This is a Twitter Scraper project based Selenium Python. My IDE : Visual Studio Code. The code logs in to Amit Segal's twitter, takes the last 100 tweets and provides the following output files:
- Tweets List - tweets.txt file
- Hashtag list- count_hash.txt file
- Mention list- count_tags.txt file
- Word statistics - count_words.txt file
The functions in the code:
- scroll(browser) - this function gets the open browser as a parameter and scrolls it down. The browser will try to scroll at most 3 times in case it fails to (might happen if the page wasn't loaded yet, so the new and last positions are equals). The scrolling lasts till the main function runs over 100 tweets.
- tweet_scraper(post, count) - this function gets a new tweet element from the HTML code and the count variable (used for the printing). The function extracts the text part from the given tweet element and prints it in the tweets.txt file.
- tags_scraper(tags_dict, post, user, browser, posted_name) - this function gets a dictionary used for counting the occurences of each tag mention, a tweet element from the HTML code, the user, the browser and the user that posted the given tweet. The function looks for all the tag mentions (@somename), creates the count_tags.txt file and prints the counting results in it.
- count_words() - this function opens the tweets.txt file and counts the amount of occurences of each word in Amit's last 100 tweets. The function creates the count_words.txt file and prints the counting results in it.
- hash_scraper(hash_dict, post, user, browser, posted_name) - this function gets a dictionary used for counting the occurences of each hashtag, a tweet element from the HTML code, the user, the browser and the user that posted the given tweet. The function looks for all the hashtags (#somehashtag), creates the count_hash.txt file and prints the counting results in it.

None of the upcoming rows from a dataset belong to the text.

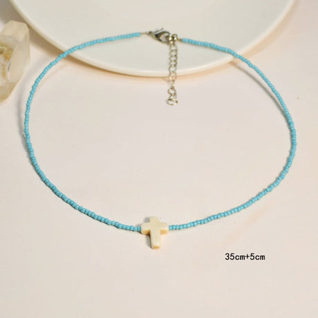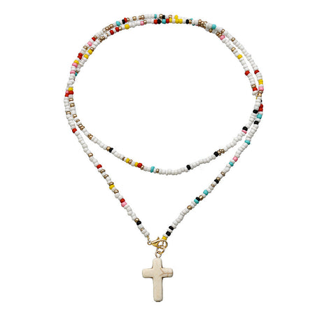 $19.99 USDUnit price /UnavailableHandmade Colorful Glass Seed Beads Cross Pendant Double-Layer Necklace
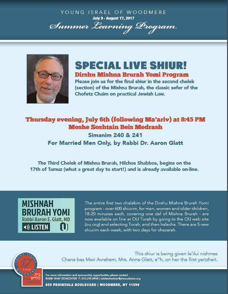 The final shiur of chelek beis, on siman 239 (kriyat Shema al hamitah), is scheduled for Monday, July 3. Rabbi Dr. Glatt will not be delivering online shiurim for simanim 240 and 241, which deal with marital intimacy. Rather, he will be delivering a live shiur for married men at the Young Israel of Woodmere on Thursday, July 6, at 8:45 PM (following Maariv). The shiur is being presented l’ilui nishmas Chana bas Meir Avraham (Mrs. Anna Glatt, a”h) on her the first yahrtzeit. (Click on the image of the flyer below for more information on the live shiur.) Hebrew text for simanim 240 and 241 will be posted online and Rabbi Dr. Glatt has made himself available to address questions from program participants.
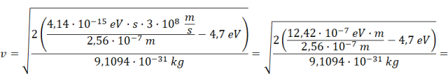 Wyznacz prędkość fotoelektronów, które zostały wybite z elektrody wykonanej ze srebra, jeśli padało na nią promieniowanie ultrafioletowe o długości fali 256 nm.
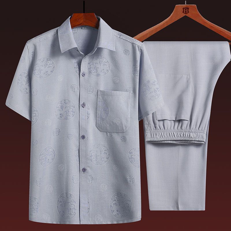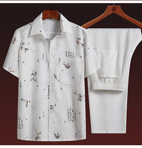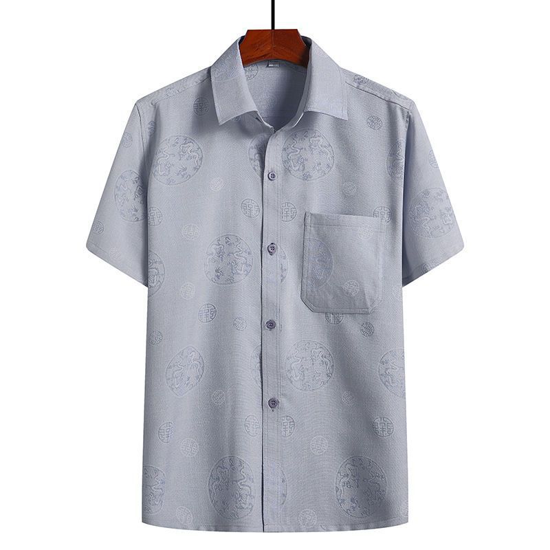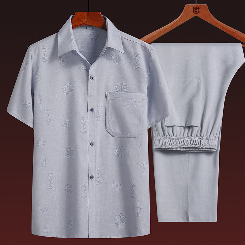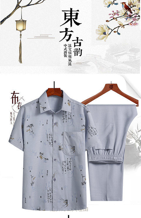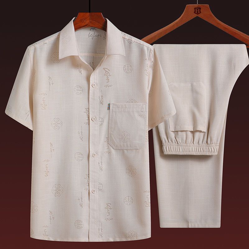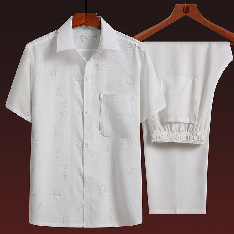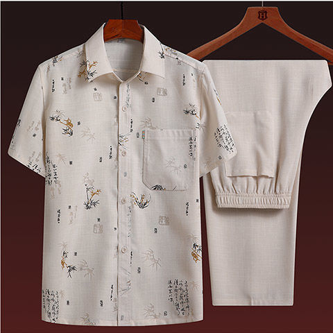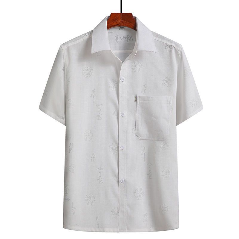 여름 반소매 중년 남성 반소매 중 · 노인 아빠의 여름 셔츠 할아버지의 옷 면 · 리넨스토어 가기

- main(url) - this functions opens the browser and sets its page to the given URL (of Amit Segal's Twitter page). Then, it calls the above functions to create the required files.

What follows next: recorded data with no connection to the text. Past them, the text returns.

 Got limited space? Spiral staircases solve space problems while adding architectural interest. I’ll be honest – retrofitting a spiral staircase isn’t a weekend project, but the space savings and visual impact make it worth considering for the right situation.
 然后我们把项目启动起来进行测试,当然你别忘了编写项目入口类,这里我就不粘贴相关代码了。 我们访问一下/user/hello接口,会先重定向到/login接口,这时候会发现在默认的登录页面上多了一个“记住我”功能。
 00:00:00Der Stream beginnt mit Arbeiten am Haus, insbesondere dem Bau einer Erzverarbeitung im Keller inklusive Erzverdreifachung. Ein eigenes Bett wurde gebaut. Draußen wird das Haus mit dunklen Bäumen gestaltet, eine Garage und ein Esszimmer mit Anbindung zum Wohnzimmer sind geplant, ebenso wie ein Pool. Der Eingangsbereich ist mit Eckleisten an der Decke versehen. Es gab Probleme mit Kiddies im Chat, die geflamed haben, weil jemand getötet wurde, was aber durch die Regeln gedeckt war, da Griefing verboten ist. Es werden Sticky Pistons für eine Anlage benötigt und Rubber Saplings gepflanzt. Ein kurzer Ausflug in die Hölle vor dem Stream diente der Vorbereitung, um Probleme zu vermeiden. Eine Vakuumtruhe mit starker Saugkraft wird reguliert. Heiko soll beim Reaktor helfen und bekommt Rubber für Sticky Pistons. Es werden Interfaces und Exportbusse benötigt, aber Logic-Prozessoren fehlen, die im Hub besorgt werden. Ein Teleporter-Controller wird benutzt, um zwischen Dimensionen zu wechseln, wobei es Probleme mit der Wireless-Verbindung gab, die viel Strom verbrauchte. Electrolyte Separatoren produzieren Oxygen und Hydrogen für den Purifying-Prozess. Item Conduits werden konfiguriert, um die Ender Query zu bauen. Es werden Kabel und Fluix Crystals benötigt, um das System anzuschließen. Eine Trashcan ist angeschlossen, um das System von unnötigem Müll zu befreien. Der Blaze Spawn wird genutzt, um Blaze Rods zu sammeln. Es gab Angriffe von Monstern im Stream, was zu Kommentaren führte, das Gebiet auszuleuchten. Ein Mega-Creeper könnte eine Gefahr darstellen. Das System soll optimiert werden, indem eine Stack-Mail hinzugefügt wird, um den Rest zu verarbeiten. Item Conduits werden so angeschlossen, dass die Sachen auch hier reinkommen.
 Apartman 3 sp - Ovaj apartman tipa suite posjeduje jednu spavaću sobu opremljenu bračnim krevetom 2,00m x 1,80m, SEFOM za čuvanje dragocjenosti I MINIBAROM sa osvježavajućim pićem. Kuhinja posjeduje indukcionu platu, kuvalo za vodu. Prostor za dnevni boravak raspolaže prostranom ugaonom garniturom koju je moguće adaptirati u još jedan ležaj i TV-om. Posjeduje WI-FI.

Run the code: In order to run the code, download the TwitterScraper.zip to your computer and read the README.md file (😜). Open the code in your IDE and make sure you have Selenium installed in your pc, otherwise, use the "pip install selenium" command. Now, run the code in terminal from the path to the TwitterScraper directory (command: python (or python3) TwitterScraper.py) and wait (!) for the Chrome browser that has been opened at the beginning to get closed by itself. Selenium basically sends queries to the HTTP server for each Selenium command and interupting the process, such as, changing the URL of the Chrome browser or scroll the page by yourself (etc.) may cause errors. The running process might take approximately 5 minutes since waiting for the HTTP server to send its answers takes time.

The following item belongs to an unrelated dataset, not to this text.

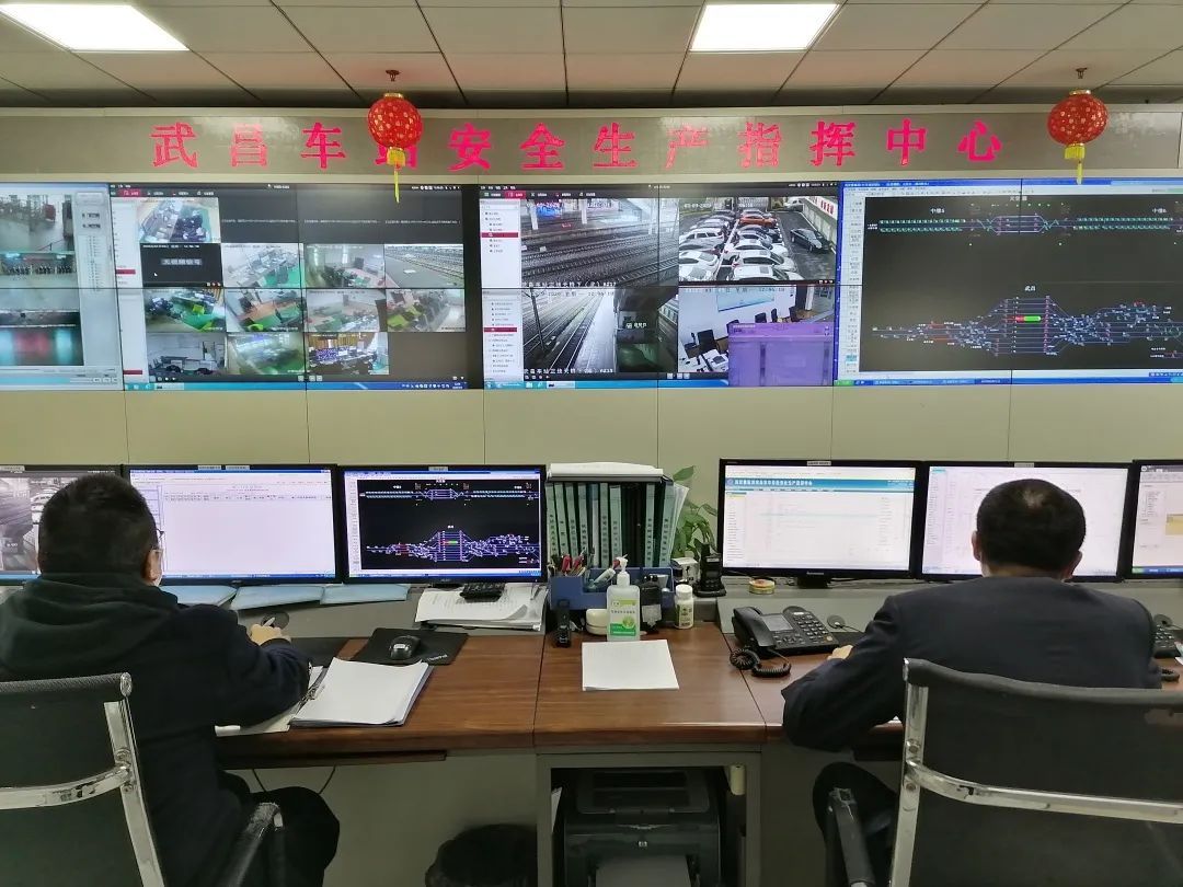 在武昌站安全生产指挥中心,车站调度员正在认真收发调度命令。

The test: In order to test the code, I have created my own input- a twitter user @BarBenEzra2, and uploaded 10 tweets, so after executing the code, the test will compare the outputs with the expected results. I run the test on a "static" twitter page, that is foretold, since the outputs of another user's page might change and so- can not be checked with this test. You can run the test (command: python (or python3) Test.py) and checks if OK.